Raw data -
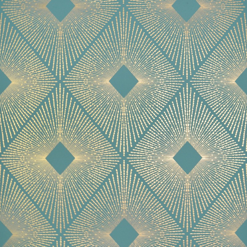 | Radiating beams of metal burst forth from a dismond shape, Antonina Vella Harlowe Wallpaper forms a shimmering aura against contrasting color. Unpasted-Washable-Wet Removable Packaged and sold as a double roll Repeat: 12.6 Match: Straight Antonina Vella Modern Metals Prop 65 Warning |
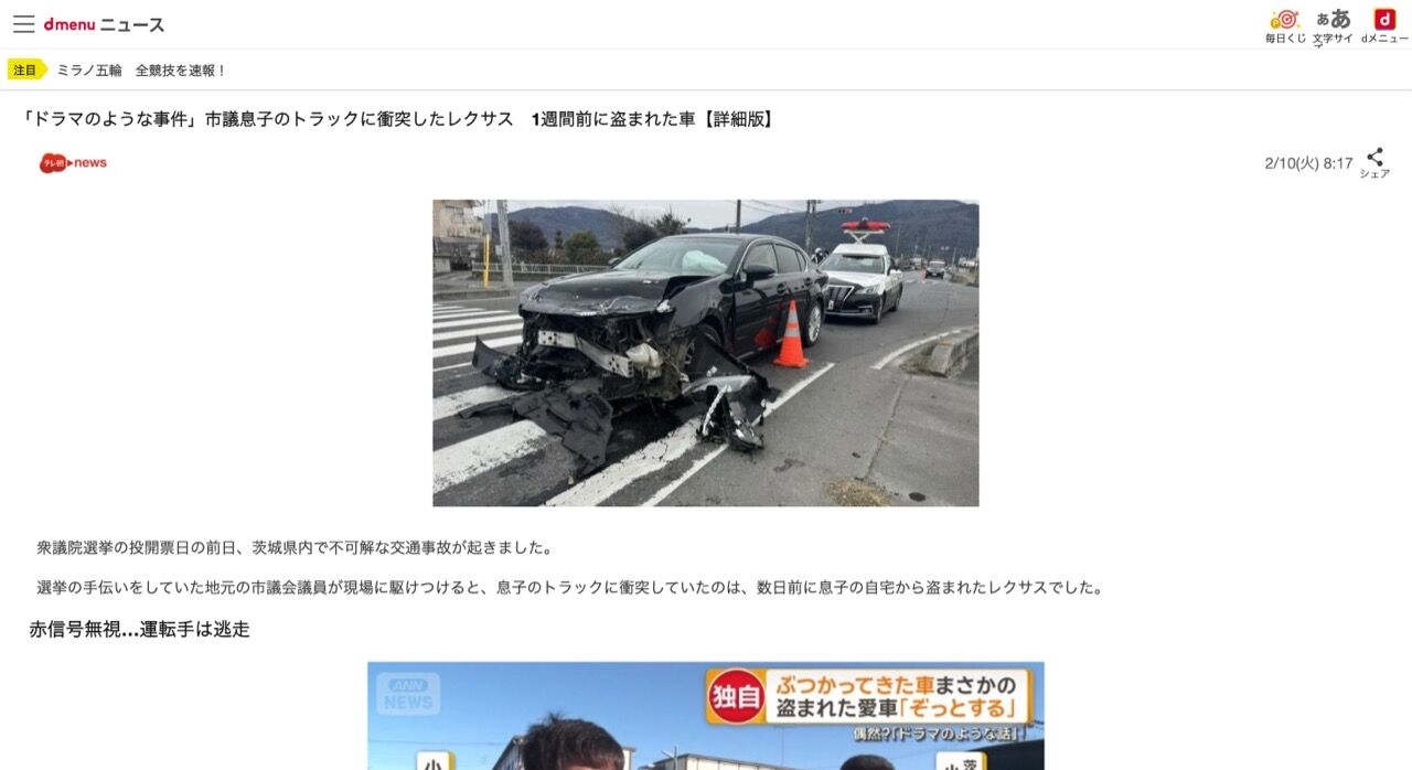 「ドラマのような事件」市議息子のトラックに衝突したレクサス 1週間前に盗まれた車【詳細版】
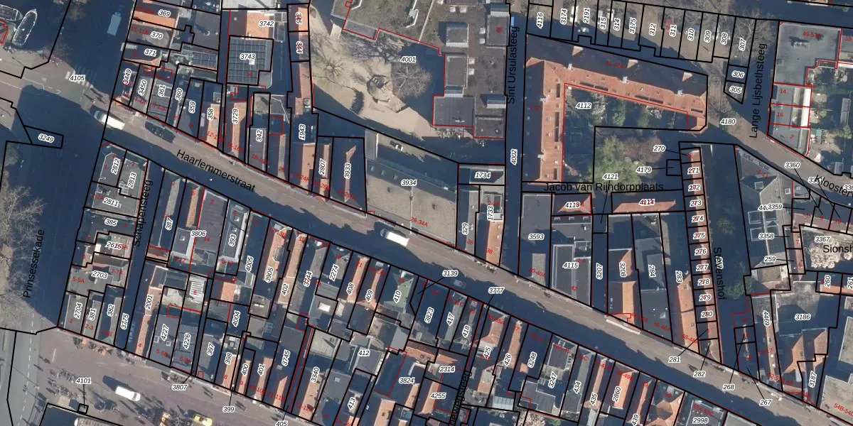 Het perceel waarop Haarlemmerstraat 30-B staat heeft een oppervlakte van 440 m². Dit is een groot perceel. De perceeloppervlakte wordt geregistreerd door het Kadaster. Gedetailleerde informatie over de maten van dit perceel kunt u vinden in het rapport Kadastrale kaart met maatvoering van Haarlemmerstraat 30-B.
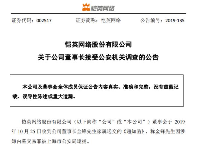 然而10月25日恺英网络发布的金锋涉嫌内幕交易罪被上海市公安局逮捕的公告似乎有些打脸。
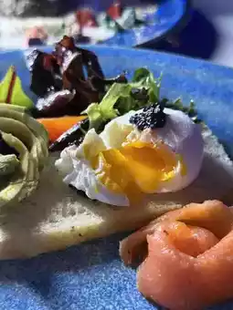 🍳 Caviar poached egg, fresh avocado, smoked salmon and homemade sourdough bread
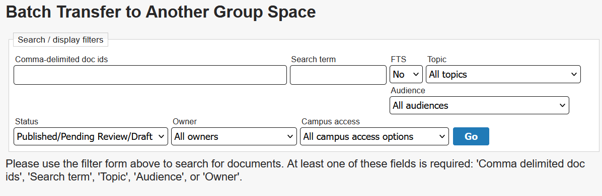 - This will lead you to the Batch Transfer to Another Group Space screen. The image below shows this screen and the search filters available to refine your document search.

Problem requirements - Only the lines from the one containing "Het perceel waarop" through the last line of the records above should be repeated, exactly and without pictures.

Final answer -
 Het perceel waarop Haarlemmerstraat 30-B staat heeft een oppervlakte van 440 m². Dit is een groot perceel. De perceeloppervlakte wordt geregistreerd door het Kadaster. Gedetailleerde informatie over de maten van dit perceel kunt u vinden in het rapport Kadastrale kaart met maatvoering van Haarlemmerstraat 30-B.
 然而10月25日恺英网络发布的金锋涉嫌内幕交易罪被上海市公安局逮捕的公告似乎有些打脸。
 🍳 Caviar poached egg, fresh avocado, smoked salmon and homemade sourdough bread
 - This will lead you to the Batch Transfer to Another Group Space screen. The image below shows this screen and the search filters available to refine your document search.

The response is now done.